In our case, it can look like this:

dataset:
    label_schema: ["Yes", "No"]

annotator:
    method : 'llm_batch'
    config:
        instructions: 
        ['Does the message disclosure sensitive personal information? Answer Yes or No', 
         'Does the message involve deceptive practices? Answer Yes or No',
         'Is this message an example of spam? Answer Yes or No',
         'Does the message reference or promote any illegal activities? Answer Yes or No',
         'Does the message come from someone with a potential conflict of interest? Answer Yes or No',
         'Is this message completely irrelevant to the services or products offered?

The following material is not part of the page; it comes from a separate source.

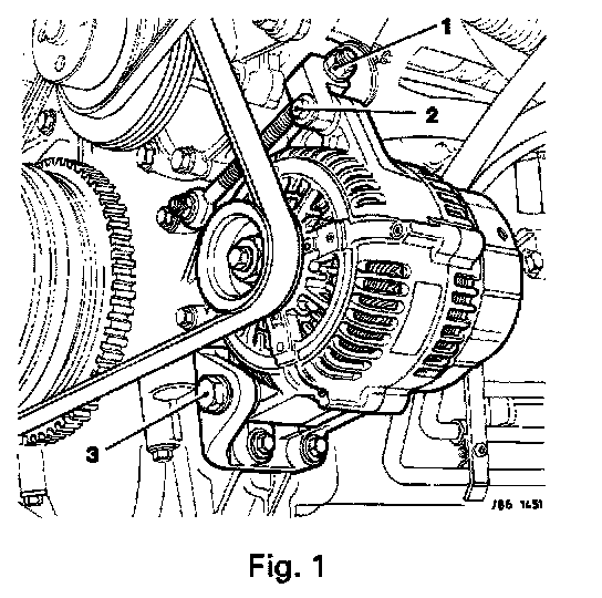 - Remove the generator link arm trunnion securing bolt (2 Fig. 1).

Answer Yes or No'
         ]
        aggregation_mode: 'exist'  #'majority',  'exist', or 'all'. exist/all is working only in case label_schema: ["Yes", "No"]!
        estimator_config:
            num_workers: 2
            prompt: 'prompts/predictor/prediction.prompt'
            mode: 'annotation'
            mini_batch_size: 1
            llm:
              type: 'OpenAI'
              name: 'gpt-4-1106-preview'

Also, update the label_schema in config/config_default.yml

dataset:
    label_schema: ["Yes", "No"]

Run Example

As before, we'll use the run_pipeline.py to initiate a multi-topic moderation run.

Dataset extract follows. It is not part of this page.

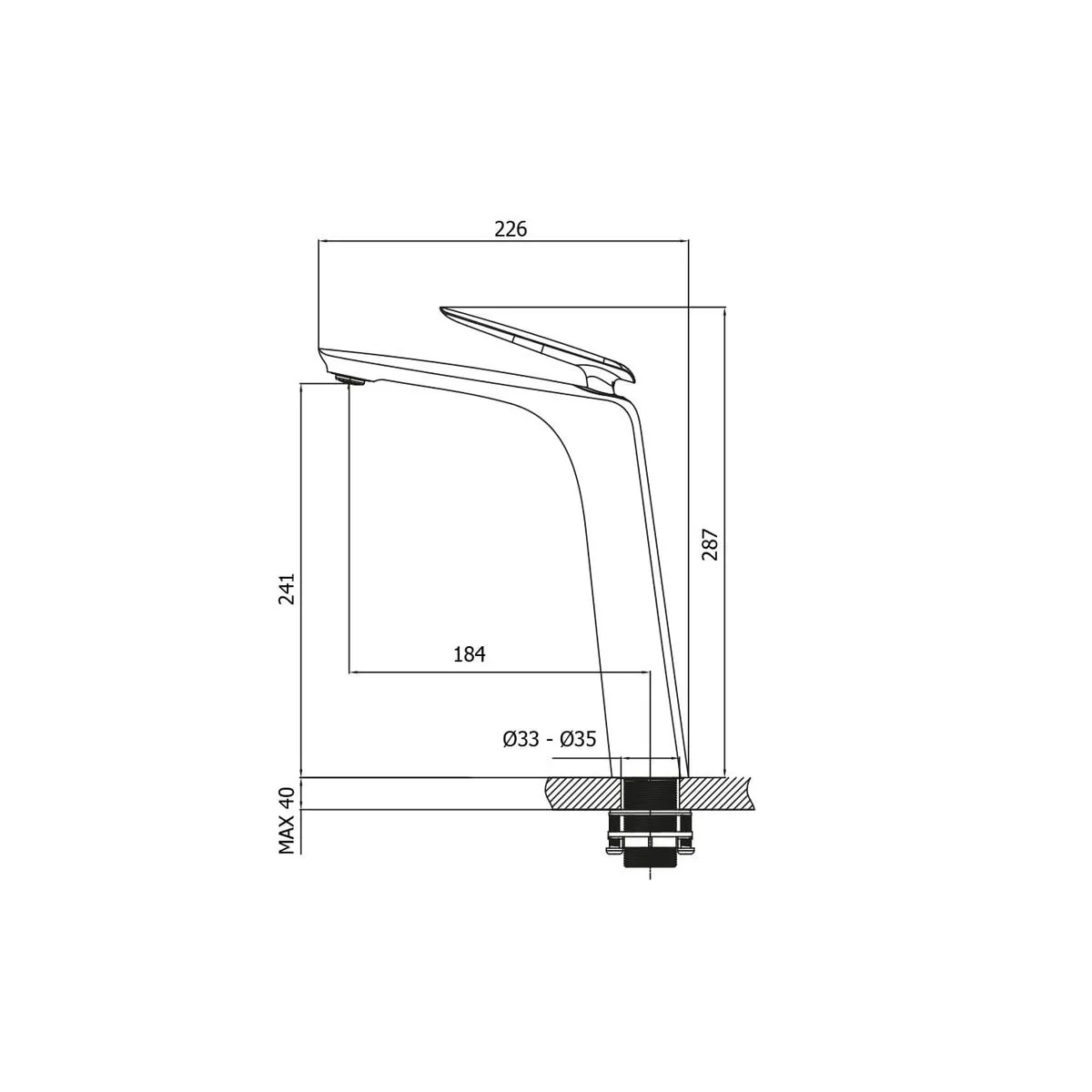 MEZCLADORA MONOCOMANDO LAVATORIO ALTA BLACK COSMOPOLITAN VAINSA

> python run_pipeline.py \
    --batch_config_path "config/config_diff/config_batch_classification.yml" \
    --prompt "Assess whether the message contains any of the following problematic topics:  disclosing personal information, deceptive practices, spam, illegal activities, conflict of interest, off-topic content. Answer 'Yes' if it does or 'No' otherwise." \
    --task_description "As a moderation expert at FabricFantasia, an online store selling clothes, you meticulously review customer inquiries and support tickets."

Please follow the same annotation and monitoring procedures as shown in the previous examples.